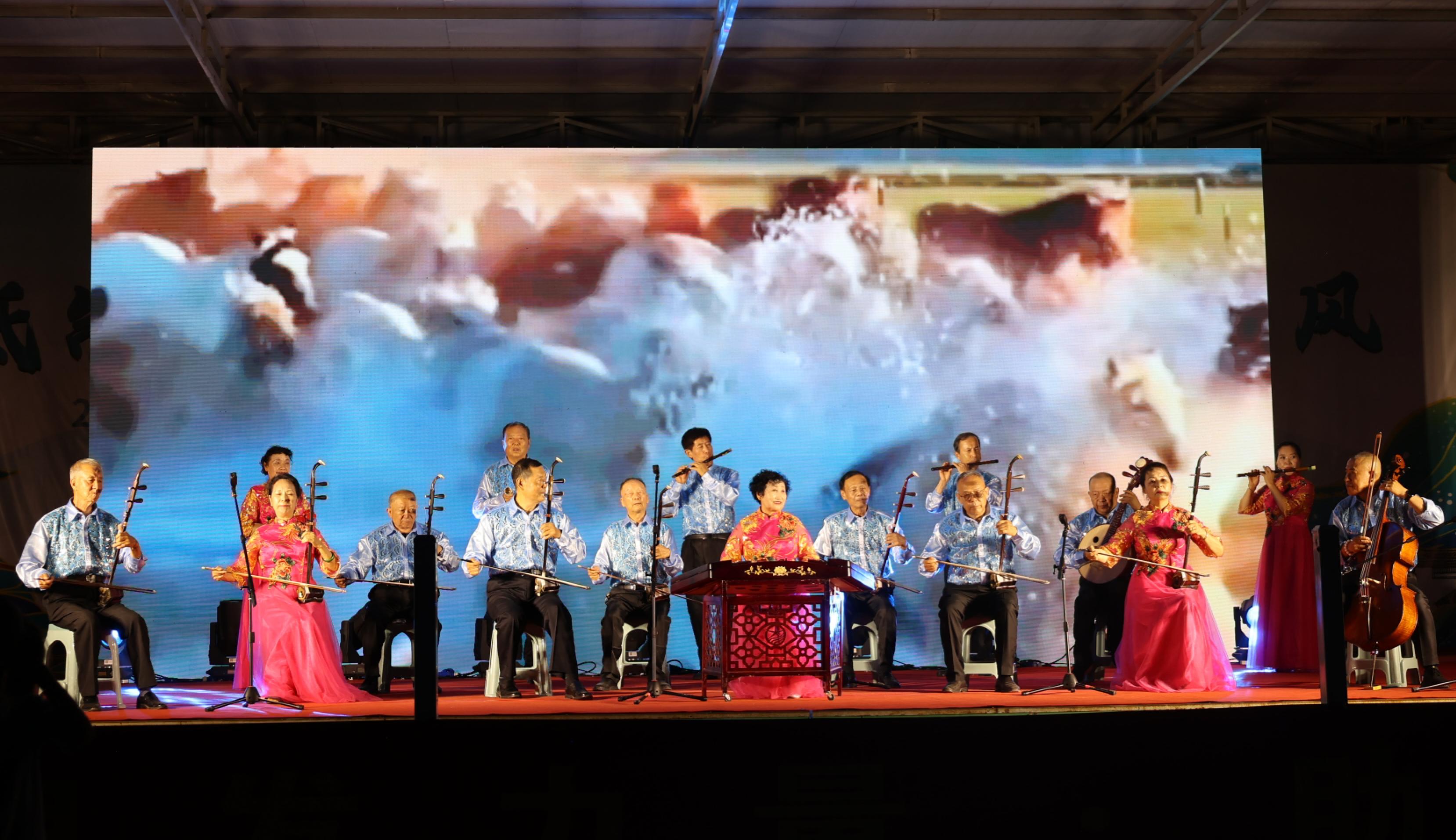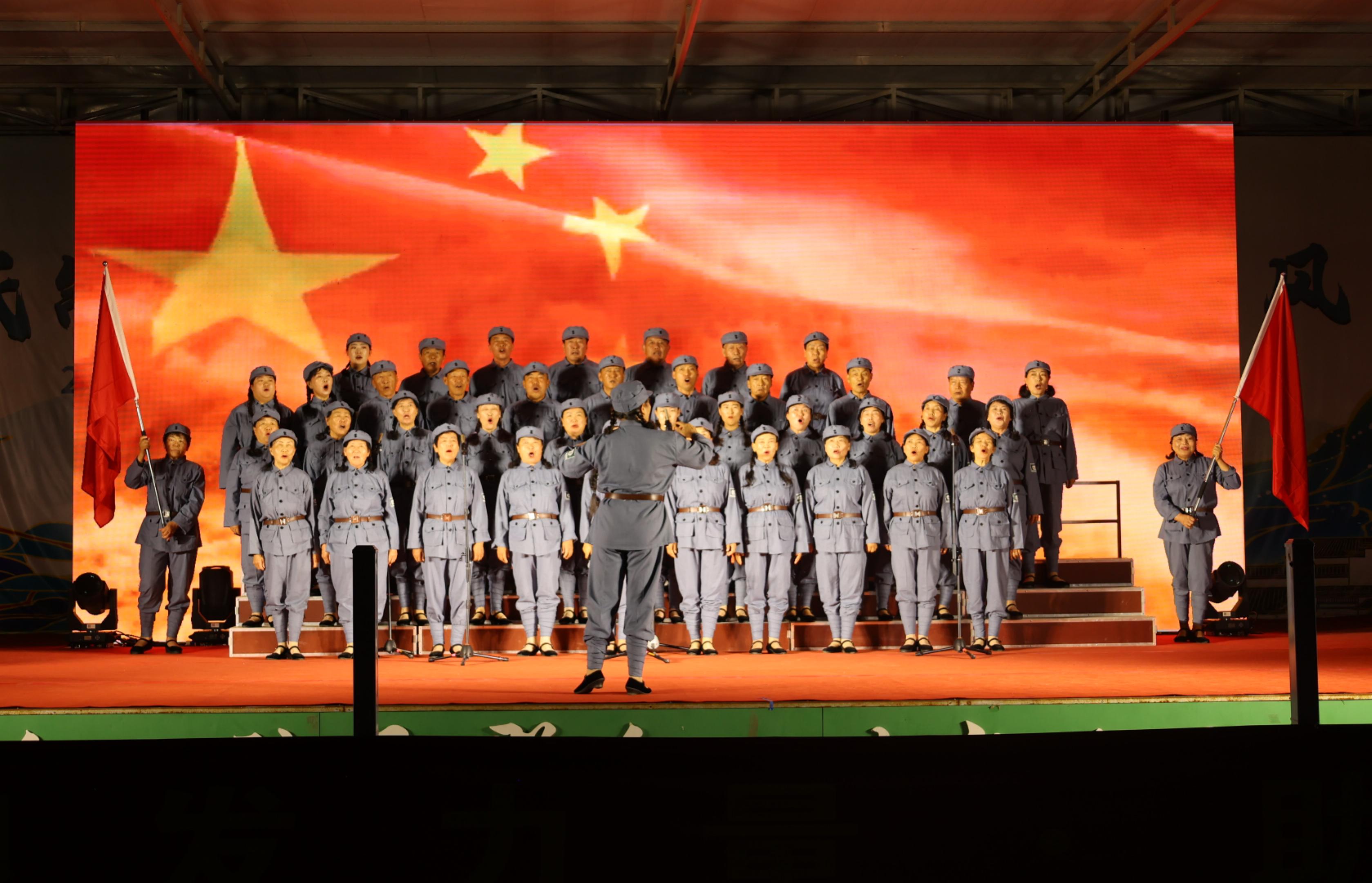 文艺演出在歌伴舞《绽放新时代》中拉开帷幕,演员们以优美舞姿展现时代风貌;歌曲《咱当兵的人》用铿锵旋律唱出老兵赤诚;说唱《移风易俗树新风》将文明理念娓娓唱进村民心坎;快板《防范老人被诈骗》以生动案例敲响反诈警钟……,14个涵盖舞蹈、歌曲、说唱、器乐合奏、快板等形式的精彩节目轮番上演,赢得现场观众阵阵掌声,大合唱《保卫黄河》将活动推向高潮,点燃观众爱国情怀。
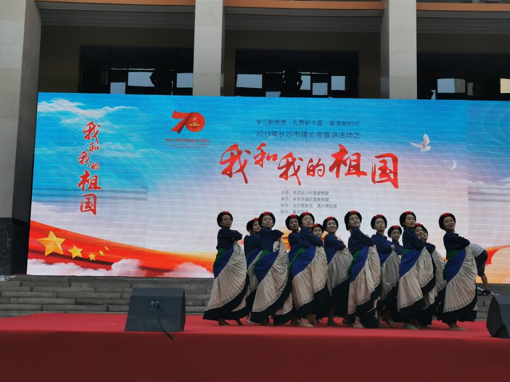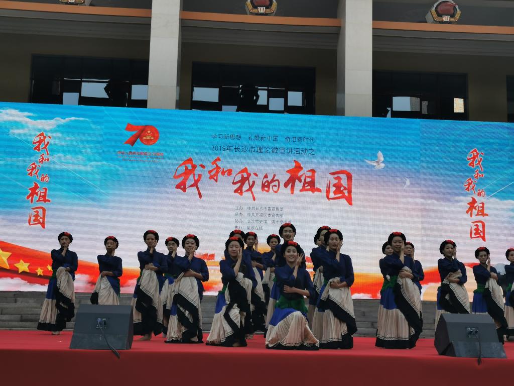 为进一步激发广大群众的爱国情怀与自强不息、奋发向上的自豪感,长沙市委宣传部主办、开福区委宣传部承办的“学习新思想 礼赞新中国 奋进新时代”2019年长沙市理论微宣讲活动之“我和我的祖国”专题赛活动于9月29日上午在中共湘区委员会旧址(长沙党史馆前坪)进行,我院2018级舞蹈学1班受邀表演彝族群舞《情深谊长》。
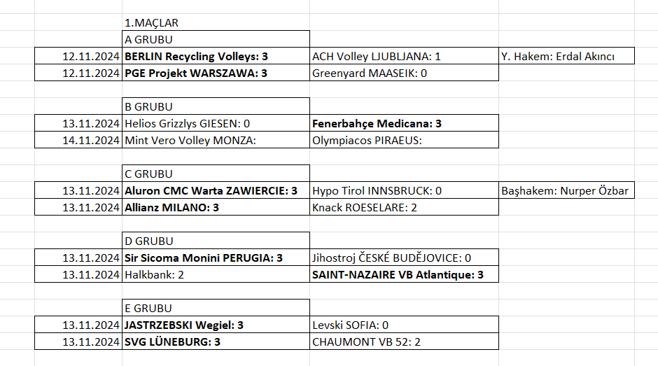 Erkeklerde Şampiyonlar Ligi gruplarında oynanan maçlar ve kalan maçalara ait program şöyle:
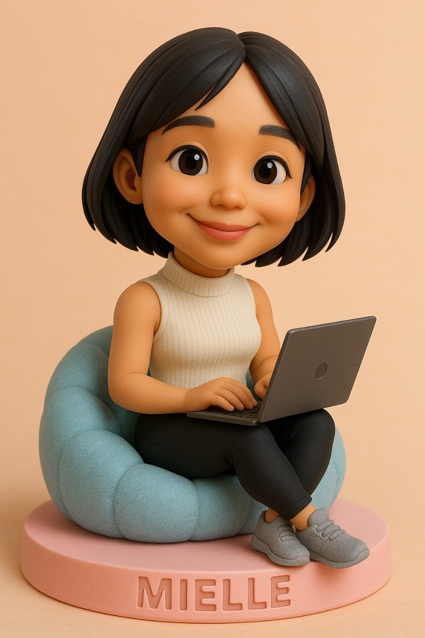 A stylized 3D character in the form of a bobblehead figurine. The character is the same as the photo attached with a friendly smile. She is sitting at a (bean bag), (typing on a laptop). The figurine has cute features, such as a large head with a (cute) facial expression, and is positioned in front of a (pastel base) with the name (“Mielle”) engraved on it. The overall look has a playful, cartoonish vibe, capturing a modern and tech-savvy personality. The background is simple, with (pastel) tones, keeping the focus on the figurine.
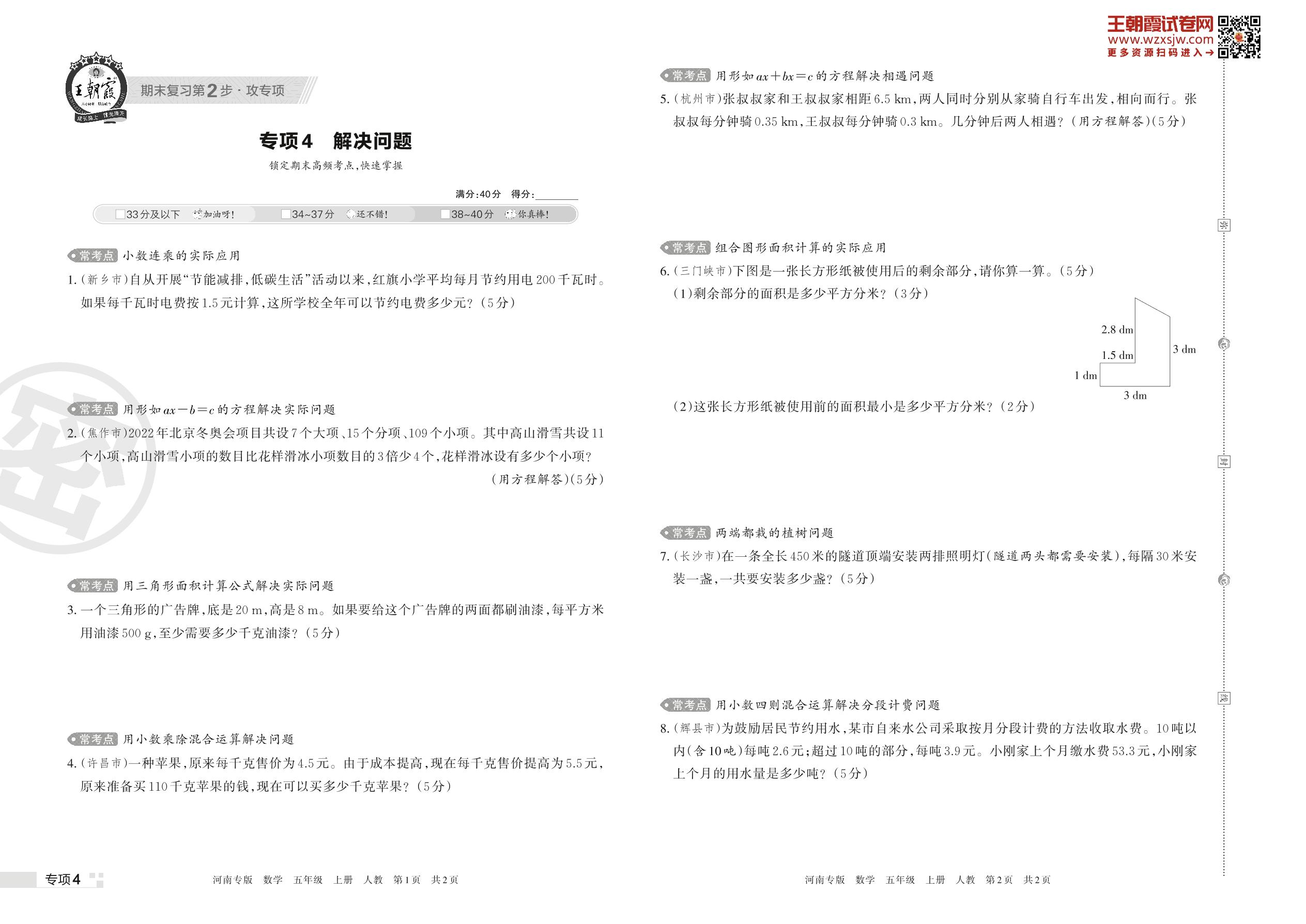 王朝霞期末专项卷——解决问题五年级上册数学(人教版)【4】
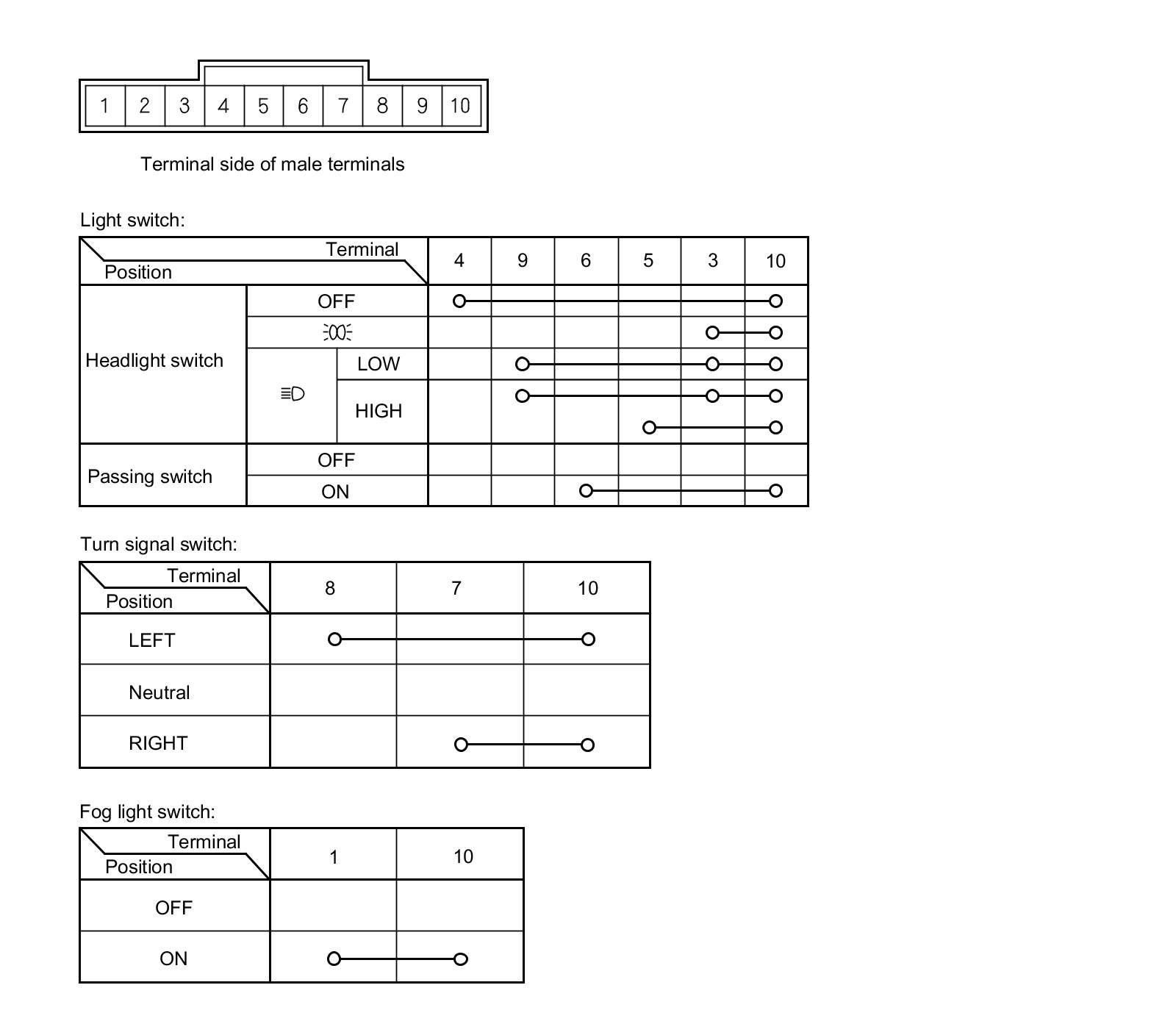 - If the terminals look OK, check for continuity between the terminals in each switch position according to the tables.

=====

*What you should do*: Write out the records shown above exactly, but do not include any images.

*Task response*:
 文艺演出在歌伴舞《绽放新时代》中拉开帷幕,演员们以优美舞姿展现时代风貌;歌曲《咱当兵的人》用铿锵旋律唱出老兵赤诚;说唱《移风易俗树新风》将文明理念娓娓唱进村民心坎;快板《防范老人被诈骗》以生动案例敲响反诈警钟……,14个涵盖舞蹈、歌曲、说唱、器乐合奏、快板等形式的精彩节目轮番上演,赢得现场观众阵阵掌声,大合唱《保卫黄河》将活动推向高潮,点燃观众爱国情怀。
 为进一步激发广大群众的爱国情怀与自强不息、奋发向上的自豪感,长沙市委宣传部主办、开福区委宣传部承办的“学习新思想 礼赞新中国 奋进新时代”2019年长沙市理论微宣讲活动之“我和我的祖国”专题赛活动于9月29日上午在中共湘区委员会旧址(长沙党史馆前坪)进行,我院2018级舞蹈学1班受邀表演彝族群舞《情深谊长》。
 Erkeklerde Şampiyonlar Ligi gruplarında oynanan maçlar ve kalan maçalara ait program şöyle:
 A stylized 3D character in the form of a bobblehead figurine. The character is the same as the photo attached with a friendly smile. She is sitting at a (bean bag), (typing on a laptop). The figurine has cute features, such as a large head with a (cute) facial expression, and is positioned in front of a (pastel base) with the name (“Mielle”) engraved on it. The overall look has a playful, cartoonish vibe, capturing a modern and tech-savvy personality. The background is simple, with (pastel) tones, keeping the focus on the figurine.
 王朝霞期末专项卷——解决问题五年级上册数学(人教版)【4】
 - If the terminals look OK, check for continuity between the terminals in each switch position according to the tables.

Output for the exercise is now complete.